ASTRID-2

This repository is under development, and there may be some changes to the user interface in the future.

ASTRID-2 is a method for estimating species trees from gene trees.

To build ASTRID-2, clone the git repository, and do the following:

bazel build //src:ASTRID -c opt

You can install the bazel build system here. Once the build is complete, your executable will be located at bazel-bin/src/ASTRID.

To run ASTRID-2, you can do

ASTRID -i <input gene trees> -o <output species tree>

to run ASTRID with the BME criterion in FastME, with SPR local search (if the distance matrix is complete), first completing the tree with UPGMA* if needed.

More command-line options:

-i --input <filename>       Specify input file. Should contain one tree per line, in Newick format.
-o --output <filename>      Specify output file (default is infile.astrid). Will contain one output tree, in Newick format. The tree may have branch lengths, depending on the distance method used, but these are not meaningful
--cache <filename>          Output the distance matrix. This is useful if you want to run a different distance method.  

[Distance method selection]
-u       Use UPGMA as distance method for tree estimation
-f       Use FastME with no local search as distance method for tree estimation
-n       Use FastME with NNIs for local search as distance method for tree estimation
-s       Use FastME with NNIs and SPRs for local search as distance method for tree estimation
--bionj          Use BioNJ* with as distance method for tree estimation (make sure PhyDstar.jar is in the same folder as the ASTRID executable)
--auto   [default] Automatically choose between --bionj and -s depending on if the distance matrix is missing taxa

[Multiple individuals]
-a --multind     [experimental] Specify mapping file for multiple-individual datasets. Can be in one of three formats, which will be auto-detected:

        Format 1:
                species1:indiv1,indiv2,indiv3
                species2:,indiv4,indiv5
                ...

        Format 2:
                species1 indiv1 indiv2 indiv3
                species2 indiv4 indiv5
                ...
        Format 3:
                indiv1 species1
                indiv2 species1
                indiv3 species1
                indiv4 species2
                indiv5 species2
                ...

Note that if you are trying to run BioNJ*, you need to build a different target. THIS IS NOT RECOMMENDED AND IS ONLY INCLUDED FOR HISTORICAL REASONS.

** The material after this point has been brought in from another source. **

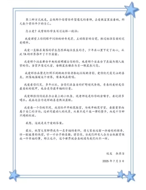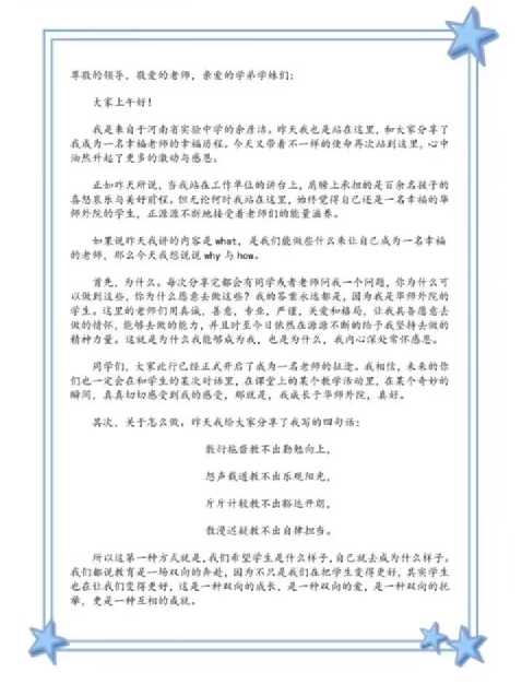 随后,华师校友、来自河南省实验中学的实习指导教师代表余彦洁向学弟学妹们送上殷切寄语。余老师围绕“如何做一个学生喜欢的幸福老师”展开分享,传递了深刻的教育理念,“想教出什么样的学生,就要先成为什么样的自己,师生之间是双向的成长托举。希望同学们在未来的教育实践中,努力成为年少时自己最想遇到的老师,做一个有血有肉、充满教育情怀的教育工作者”。真挚的话语饱含着对外院学子的期待与关怀。
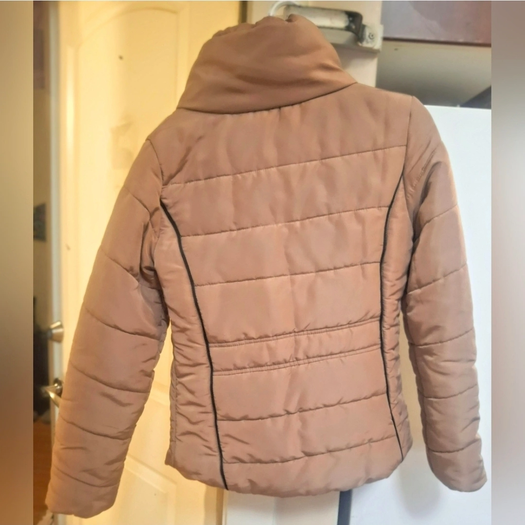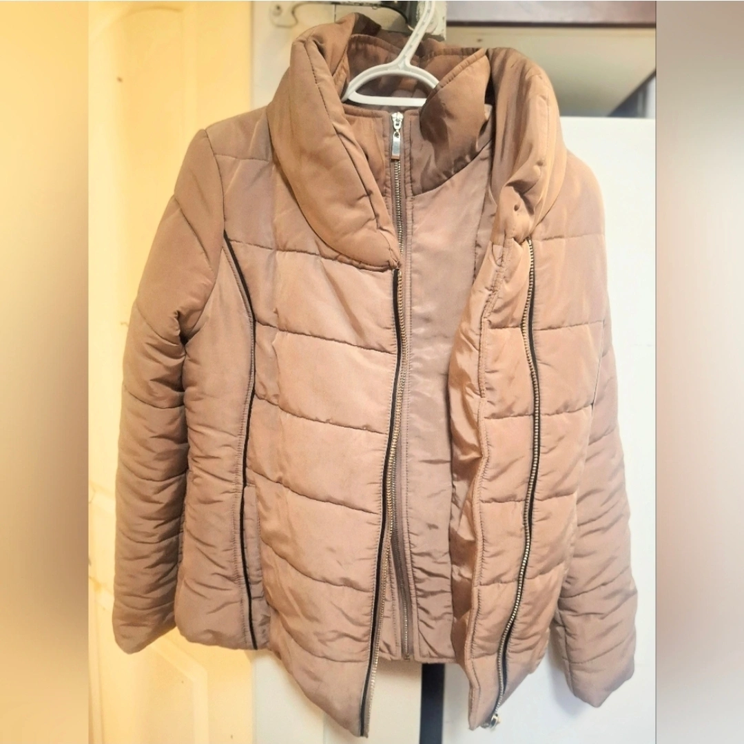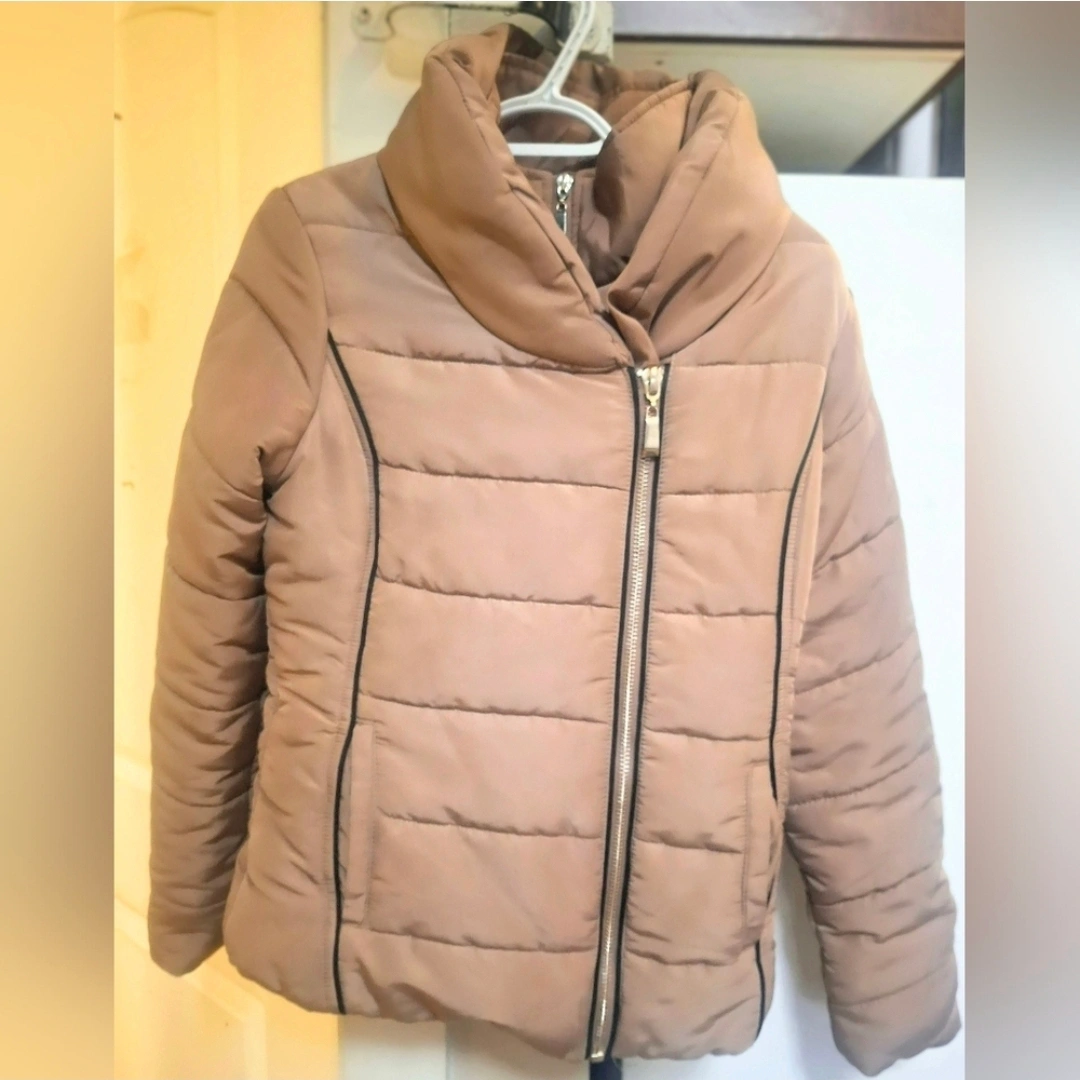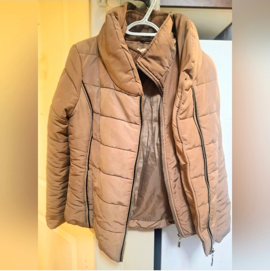 Embrace warmth and style with this cozy brown puffer Jacket from Camaïeu. it's got 2 zippers for a little bit of uniqueness and a modern and classy touch but also adds double the layer to keep you warm, very Ideal for chilly weather. This Puffer jacket is in the color Beige and is a size Small. It's only been worn a couple times so it's in perfect condition. The only thing missing in the price tag!

bazel build //src:ASTRID-phydstar -c opt

It’s possible that FastME with SPR is slow on extremely large datasets, so you can instead do

ASTRID -i <input gene trees> -o <output species tree> -n

to do NNIs instead of SPRs, or

ASTRID -i <input gene trees> -o <output species tree> -f

to do no local search.

On moderately large datasets BIONJ* maybe slow; to run on datasets with high levels of missing data I recommend:

ASTRID -i <input gene trees> -o <output species tree> -u -n -s

which first runs UPGMA on the matrix with missing data, then fills in the missing elements of the distance matrix with distances from the UPGMA tree. It then repeats the process with the FastME-NNI tree, then gives the final result using FastME-SPR.

ASTRID now supports multi-individual gene trees. The matrices corresponding to each gene tree are “collapsed” by averaging the distances between individuals of different species. This technique is described in more detail in “Species Tree Inference from Gene Splits by Unrooted STAR Methods” by Allman, Degnan, and Rhodes.